# Renting apartments

## Situation (costs)

Annie is renting an apartment. The cost is a deposit fee of \$530 plus \$320 per month. John is renting an apartment of the same size, however, his cost is a deposit fee of \$200 plus \$480 per month.

## Variable identification

Let C represent the cost
Let M represent the number of months

## Equations

• Annie: C = 320M+530 (-320M+C=530)
• John: C = 480M+200 (-480M+C=200)

## Algebraically solving for the point of intersection

480M+200 = 320M+530
160M+200 = 530
160M = 330
M = 2.0625 (33/16)

## The significance of this solution

This solution is significant because it displays the rate of change for each scenario, and also which is cheaper at what specific number of months. Deciphering the rate of change is important in a situation like this one, because it allows the buyer to know how much they will be paying over the course of multiple months.
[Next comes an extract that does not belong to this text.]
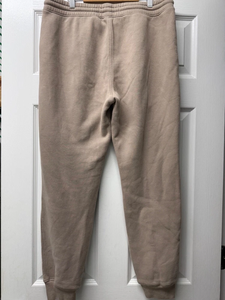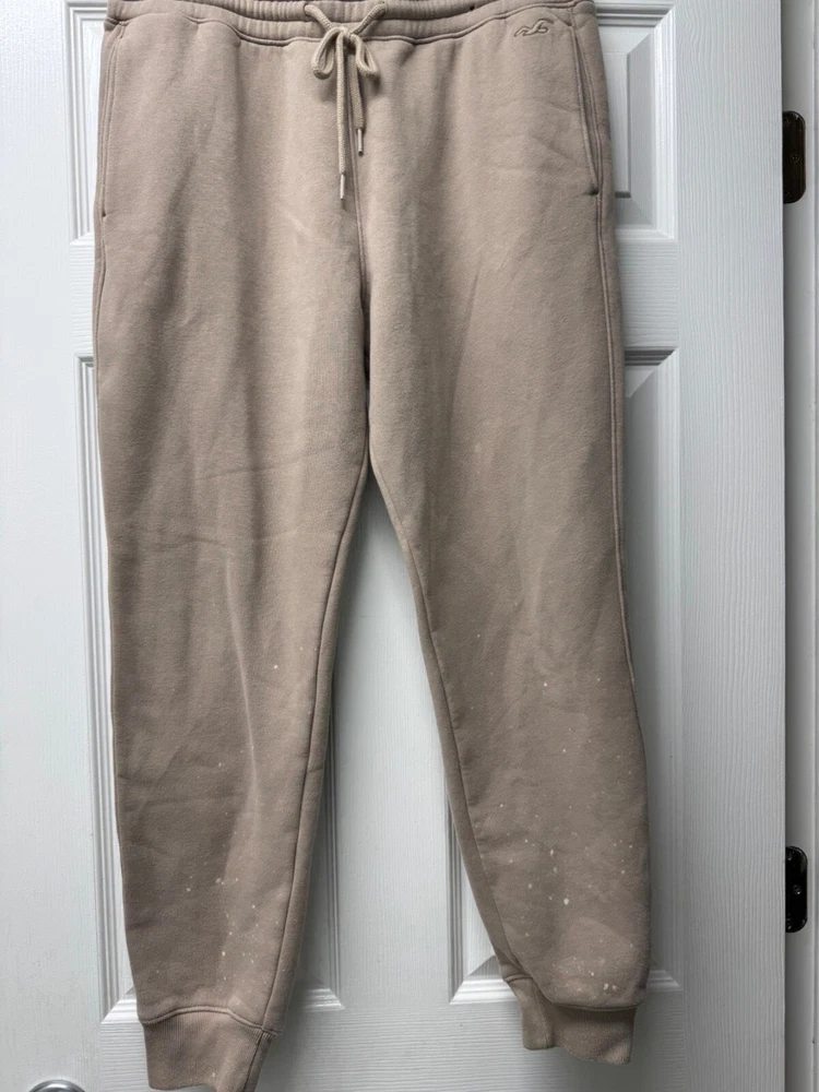 Season: Fall, Spring, Winter Occasion: Casual, Travel Style: Jogger Fit: Relaxed Material: Cotton Blend Pattern: Solid Closure: Drawstring, Pull On Size Type: Regular Features: Lined Rise: High (Greater than 10.5 in) Vintage: No Size: M Accents: Logo Brand: Hollister Type: Pants Garment Care: Machine Washable Department: Women Color: Brown Fabric Type: Fleece Leg Style: Tapered
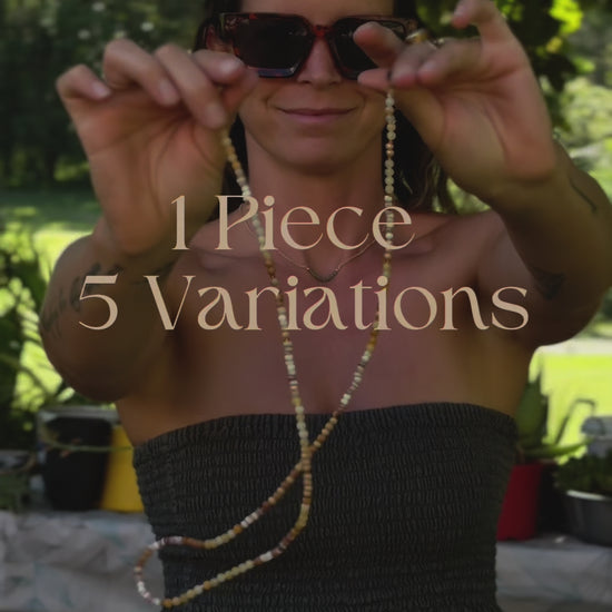 Enjoy a piece that seamlessly transitions from a sunglass chain to a bracelet, necklace, or even a belly chain—all in one.

Knowing which scenario costs less at what specific number of months, will help the buyer save money in the sense that it would allow them to use the cheaper method based on the number of months they plan on renting the apartment.

## Summary

Annie and John will both be paying the same amount of money (\$1190) at exactly 2.0625 months. This means that the better option in terms of finance would be John's apartment for less than 2.0625 months, and Annie's apartment for more than 2.0625 months.